네 가지 streaming-specific 결정이 코드에 담겨 있다. (1) shared_prefix_kv: system + task prompt를 한 번만 prefill하고 모든 session이 share. vLLM PagedAttention의 block 공유 / SGLang radix tree의 핵심 ROI. (2) on_frame의 sliding window + sink: 가장 오래된 vision token부터 evict하되 *맨 앞 sink_tokens 개*는 항상 보존 — StreamingLLM의 attention sink 패턴 그대로. (3) prefill_incremental: 새로 들어온 vision token만 forward pass — vLLM의 incremental prefill이 자동으로 처리. *이전 frame의 prefill을 재활용*하기 때문에 256 token만 compute. (4) maybe_decode의 EOS-aligned probe: VideoLLM-online이 도입한 'response를 generate할지 EOS로 끝낼지'를 매 frame logit 한 번 보고 결정. Decode를 sparse하게 만드는 핵심 트릭. 그리고 decode가 trigger되면 speculative로 wall-clock을 줄인다. 이 4개를 합치면 30 FPS에서 33ms budget 안에 prefill + EOS probe + (sparse) decode를 다 끼워 넣는다.

🏭 현업에서의 평가

Industry Evaluation

KV cache와 continuous batching은 real-time video LLM serving의 '엔진룸'이다. 시니어 평가에서는 후보가 (a) prefill/decode 비대칭을 streaming context에서 실수 없이 적용하는지, (b) StreamingLLM attention sink 같은 micro-design의 background를 이해하는지, (c) vLLM/SGLang/TensorRT-LLM 선택을 product workload로부터 역산하는지를 본다.

✅ 시니어가 보는 것

Prefill compute-bound / decode memory-bandwidth-bound를 즉석에서 수치로 정당화
Real-time video LLM에서 prefill이 'continuous stream'이고 decode가 'sparse event'라는 워크로드 인식
Prefix-cache + sliding window + attention sink hybrid를 단일 buffer가 아닌 *역할 분리된 3개 메커니즘*으로 다룸
Disaggregated vs chunked prefill의 선택을 KV transfer cost와 GPU pool 수로 정당화
Speculative decoding을 'sparse decode일수록 가치 큼'으로 역설명할 수 있음

⚠️ 레드 플래그

KV cache eviction을 단순 sliding window로만 풀고 attention sink 없이 운영
prefill latency를 무시하고 decode 최적화(speculative, FlashAttention)만 강조
vLLM/SGLang/TensorRT-LLM을 'throughput 좋은 것 하나 고르면 된다'고 답함
continuous batching이 head-of-line blocking을 만들 수 있다는 사실을 모름
StreamingLLM의 4 token sink를 '그냥 마법의 trick'으로 보고 softmax attention sink 메커니즘 설명 못 함

🎤 예상 인터뷰 질문

**Q1. Streaming KV cache 전략 비교.** 30 FPS로 24시간 라이브 비디오 LLM을 운영한다. Sliding window only, prefix-cache + sliding window, StreamingLLM attention sink + prefix-cache 3가지 전략 중 1년 안정 운영을 위해 어떤 hybrid를 고를지, 각 실패 시나리오로 정당화하라.
**Q2. Disaggregated vs chunked prefill.** Single-GPU / single-node 환경과 multi-node 환경에서 두 전략 중 어느 쪽을 골라야 하는지, KV cache transfer cost와 GPU pool 분할의 tradeoff로 답하라. Streaming video LLM에서 chunked prefill이 disaggregation보다 자주 채택되는 이유는?
**Q3. Speculative decoding in video LLM.** Decode가 sparse한 video LLM에서 speculative decoding이 *더* 가치 있다는 주장의 근거는? Draft model을 vision-context-free 작은 LLM으로 골라도 되는 이유와 reject rate 30-40%가 net win인 계산을 보여라.

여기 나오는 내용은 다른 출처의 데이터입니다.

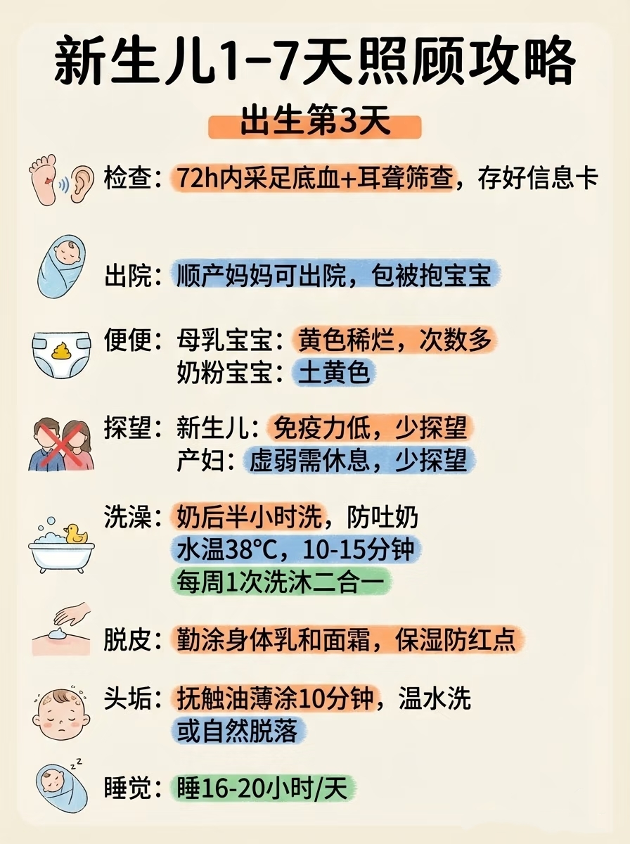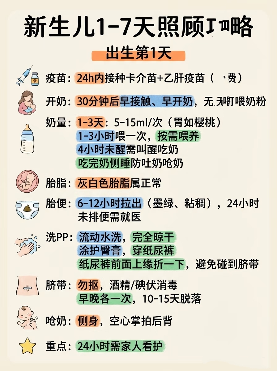 别慌!我们为你整理了一份“新生儿1-7天超实用照顾攻略”。我们不谈那些吓人的医学术语,就用最通俗的大白话,陪你一起稳稳度过这第一周。

숙달 vs 익숙함: **Familiar**: vLLM, SGLang, TensorRT-LLM, KV cache, speculative decoding 이름을 알고 '추론 빠르게 하는 기법'으로 묶을 수 있다. **Mastery**: prefill compute-bound / decode memory-bandwidth-bound를 정량적으로 잡고, real-time video LLM의 워크로드가 prefill heavy + decode sparse임을 적시한다. KV cache eviction에서 prefix-cache / sliding window / attention sink 3개를 *역할 분리된 메커니즘*으로 합성하고, vLLM PagedAttention과 SGLang RadixAttention의 추상화 차이를 video streaming 워크로드에 매핑한다. Disaggregated vs chunked prefill을 KV transfer cost로 trade하고, speculative decoding을 sparse decode의 latency tail 축소 도구로 정당화한다.

✨ 핵심 요약

Prefill compute-bound, decode memory-bandwidth-bound

H100 7B 기준 prefill ~50K tok/s, decode ~100 tok/s. 두 phase의 비대칭이 모든 inference 최적화 결정의 출발점.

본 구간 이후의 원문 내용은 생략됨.